Oprah's loss, Oprah's gain

oprahdogs.jpg Three months after it happened, Oprah Winfrey says she is still anguished over the freakish death of one of her dogs — but believes it happened for a reason.

And the media mogul believes that the reason was to caution her to slow down, not work so hard and enjoy life.

 “I don't believe in accidents. I know for sure that everything in life happens to help us live,” Winfrey writes in the August issue of O, The Oprah Magazine.

Winfrey, who was voted World's Best Celebrity Dog Owner in 2006, said Gracie, one of her three Golden Retrievers, choked to death while playing with a small “light-up” ball that belonged to one of her smaller dogs.
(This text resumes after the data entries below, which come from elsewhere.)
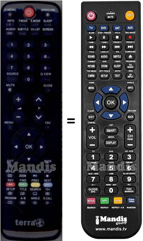 Abaixo, mostraremos a correspondência entre cada botão no controle remoto original e o botão que executa a mesma função no controle remoto de substituição. Em alguns casos, pode ser necessário pressionar a tecla SHIFT antes de pressionar outro botão para realizar determinadas ações. Essas funções adicionais geralmente não são amplamente utilizadas e são incluídas para facilitar o entendimento do controle remoto de substituição, ou porque o controle remoto original tem mais botões do que seu equivalente.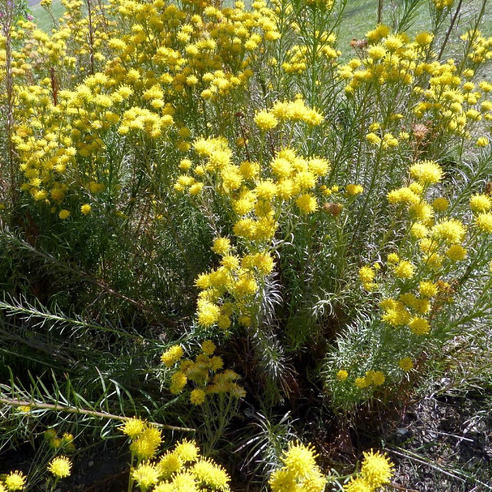 Aster doré. Port dressé. Petites feuilles étroites. Fleurs jaune d'or en pompons sans ligule. Sol sec et caillouteux.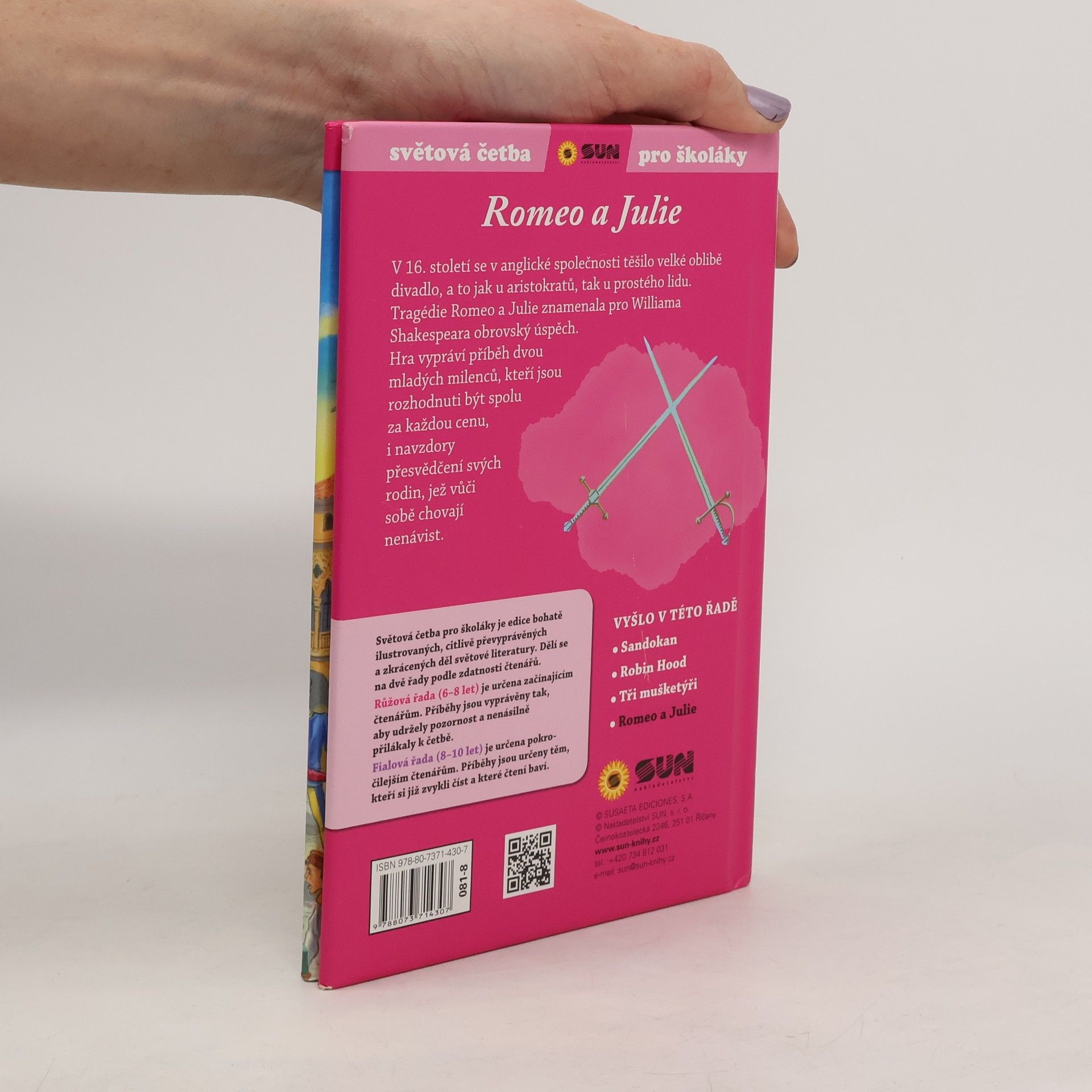 Světová četba pro školáky je edice bohatě ilustrovaných, citlivě převyprávěných a zkrácených děl světové literatury. Hlavními postavami je chlapec Romeo a dívka Julie, kteří jsou do sebe bláznivě zamilovaní. A to i přes nepřízeň svých rodin. ( asi od 8 do 10 let )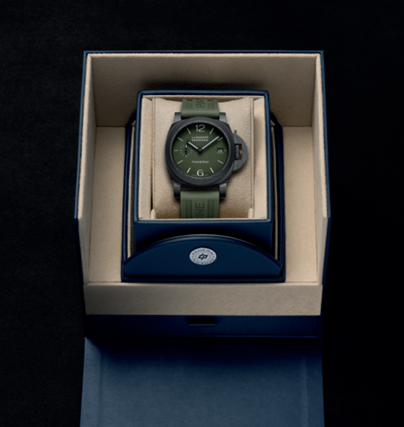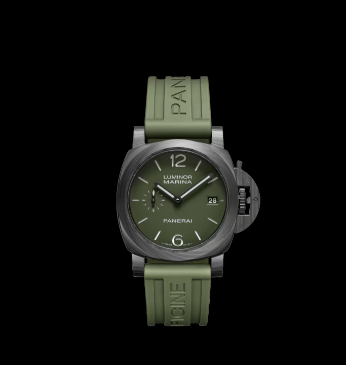 Para uma versatilidade de 360º, o Luminor Quaranta Carbotech™ PAM01526 apresenta o inovador sistema PAM Click Release nas suas braceletes – uma bracelete primária em borracha verde militar e uma secundária em pele, em homenagem aos designs da Panerai da década de 1960.

Winfrey had five dogs and, reportedly, employs several nannies to oversee them. Gracie, who had appeared twice on the cover of Oprah’s magazine, was on a walk with a caretaker when the accident took place. Attempts by a member of her security force to resuscitate the dog were unsuccessful.

"Weeks have passed," she writes. “And the pain has not subsided. Every time I think about it, my heart starts racing and I feel like I just got stabbed in the chest."

Despite the pain, Gracie's death was intended to send her a message, Winfrey wrote: "Slow down, you're moving too fast."

 “Her life was a gift to me," Winfrey writes. "Her death, a greater one.”

I don't entirely follow her logic -- how she gets from point A to point B. The death of her dog is a message to take better care of herself? It seems to me it would be a message to take better care of your dogs, or don't let large dogs play with small balls, or don't let your staff let your large dogs play with small balls.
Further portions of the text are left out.